Catlin’s writings coincided with similar philosophical statements from other writers and artists. For example, in 1836, Ralph Waldo Emerson published his essay Nature, which argued that God’s greatness was inherent in man’s natural surroundings. That same year, Thomas Cole, painter and leader of the Hudson River School, unveiled his masterpiece The Oxbow, which suggested that man and nature could live in balance, but cautioned against disturbing this balance.

Businessmen were soon profiting from Americans’ newfound appreciation of nature. Peter Schutt purchased a large tract of land in the Catskill Mountains that included Kaaterskill Falls. There he built not only a hotel but a dam that prevented water from spilling over the falls. Only when guests paid the required fee would Schutt open the dam, “turning on” the waterfall. If Schutt was merely cashing in on nature, his actions inspired others in their belief that nature needed to be preserved, not just enjoyed. In the 1850s, Henry David Thoreau declared that “In Wildness is the preservation of the world” in his essay Walking, and highlighted the irony of what most deemed “progress” in his writings about the expansion of rail lines in Walden.

That so-called progress was devastating the environment in areas across the country. Northwestern Connecticut was denuded of trees in order to make charcoal for the iron industry. Lumbering, tanning, charcoaling and the paper industry threatened the Adirondacks. Most of Michigan was deforested in a twenty-year period for the lumber industry as well as by those clearing farm plots made available under the 1862 Homestead Act. Perhaps no part of the country faced the environmental devastation as severe as that brought about by the 1849 Gold Rush in California. Water power was harnessed to bring down mountains, and the sediment released by this process clogged streams and rivers. Forests were cleared and chemicals polluted the soil. The ramifications of these environmental calamities extended to the nation’s cities, whose supplies of drinking water, food, and firewood were suddently threatened.

Forever wild

Given the magnitude of man’s impact on the environment in California, it is no surprise that it was there that the dream of national parks first became reality. In 1862, California senator John Conness and steamship captain Israel Ward Raymond sought to protect the majestic sequoias and the breathtaking valley of Yosemite from development, instead setting it aside for the enjoyment of the people of the state. In 1864, Abraham Lincoln signed into law a bill turning over this land – which had been owned by the federal government – to the State of California as the nation’s first state park. Other states followed suit. New York, for example, created a state park at Niagara Falls and, in 1895, set aside the Adirondack Park as an area to be “forever wild.”

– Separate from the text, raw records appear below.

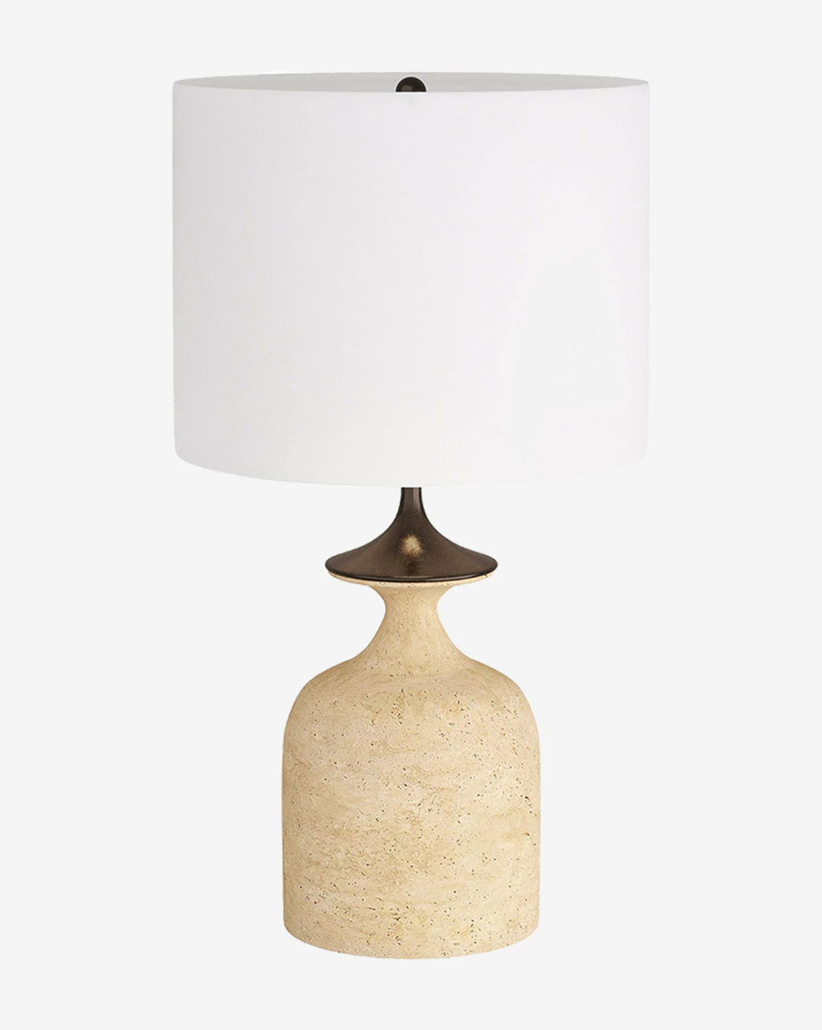 A shapely base brings a sculptural element to your space with our Bridgeport Lamp. Crafted from faux travertine with a sand hue and English bronze steel, the table lamp has a modern feel that elevates your consoles or side tables.
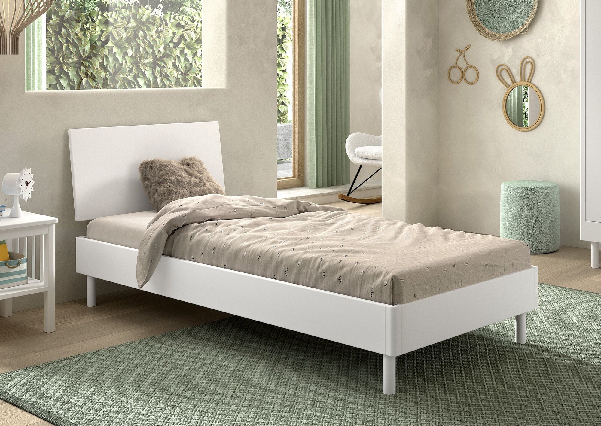 Het FORREST BEECH bed (90 x 200 cm) in wit is vervaardigd uit hoogwaardige Europese beuk, wat garant staat voor ongeëvenaarde stevigheid en stabiliteit. Het witgelakte hoofdbord en de omlijsting geven het bed een warme en stijlvolle uitstraling.
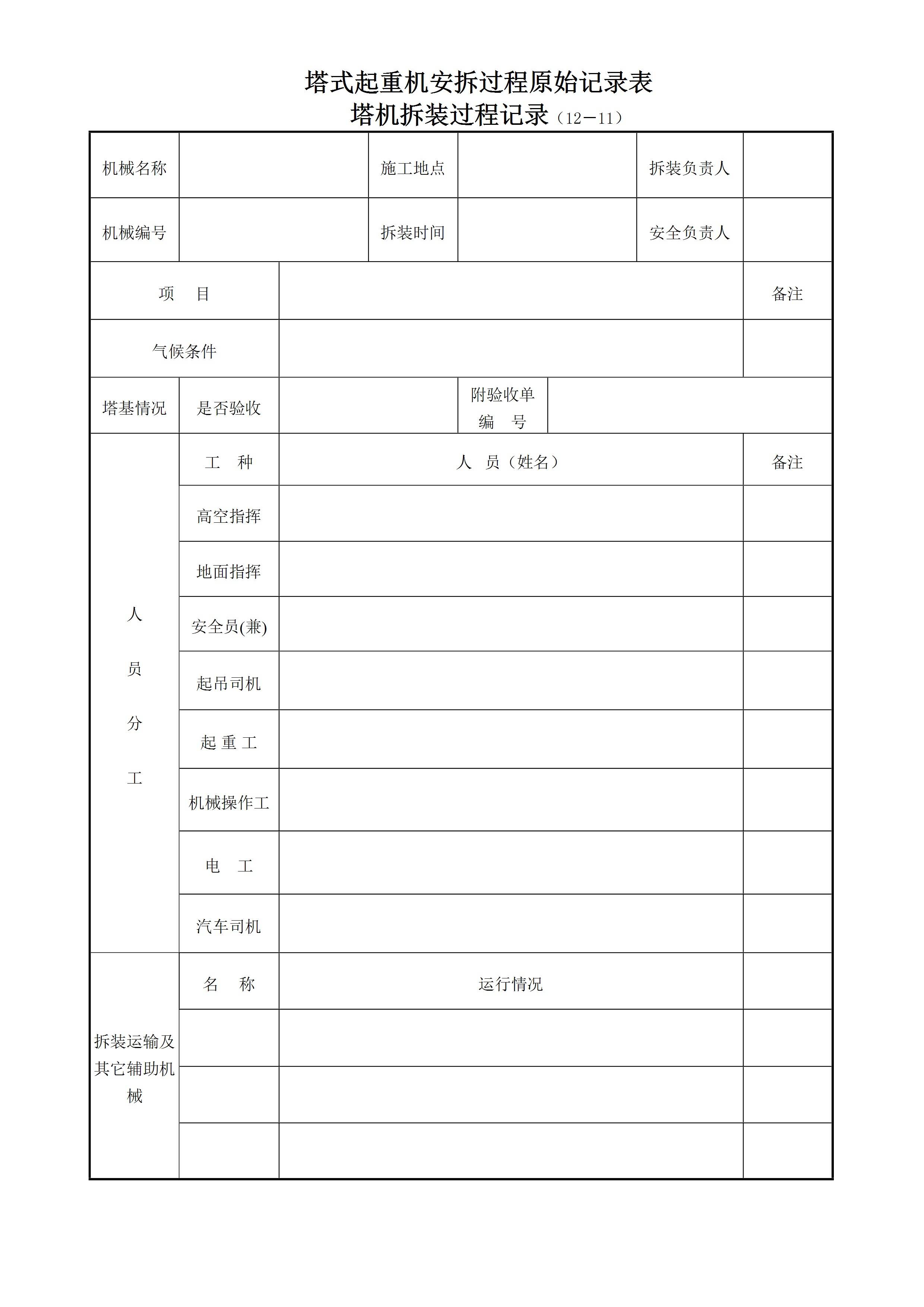 / 塔式起重机安拆过程原始记录表1211[文档]

This model may have continued to be used in place of creating national parks had some of the most spectacular landscapes in the country not been in federal territories. As early as the Lewis and Clark expedition of 1804 to 1806, reports of an otherworldly environment in the basin of the Yellowstone River of Wyoming drew the curious to explore the region. Scientific explorations to the region in the 1860s and early 1870s – and especially the works of the painter Thomas Moran and photographer William Henry Jackson, both of whom accompanied the 1871 Hayden Geological Survey – so enthralled the nation that railroads soon began running special routes to Yellowstone. Development of this sort placed the fragile environment at risk, and Congress – whose collective imagination had also been captured by the artists – took the unprecedented step of conserving two million acres with the Yellowstone National Park Protection Act, signed by President Ulysses S. Grant on March 1, 1872.

It would be another eighteen years before a second national park was created. While the creation of Yosemite as a state park was a landmark event in the conservation movement, it proved to be less effective at protecting the land than was hoped. John Muir, the Scottish-born naturalist who had become the leading advocate for Yosemite and the High Sierra, had grown increasingly concerned about overgrazing and logging of sequoias within the state park and lobbied Congress to transfer the lands to the custody of the federal government. Yosemite National Park was created on October 1, 1890; this was actually six days after Sequoia National Park was established, also to protect the massive trees from logging.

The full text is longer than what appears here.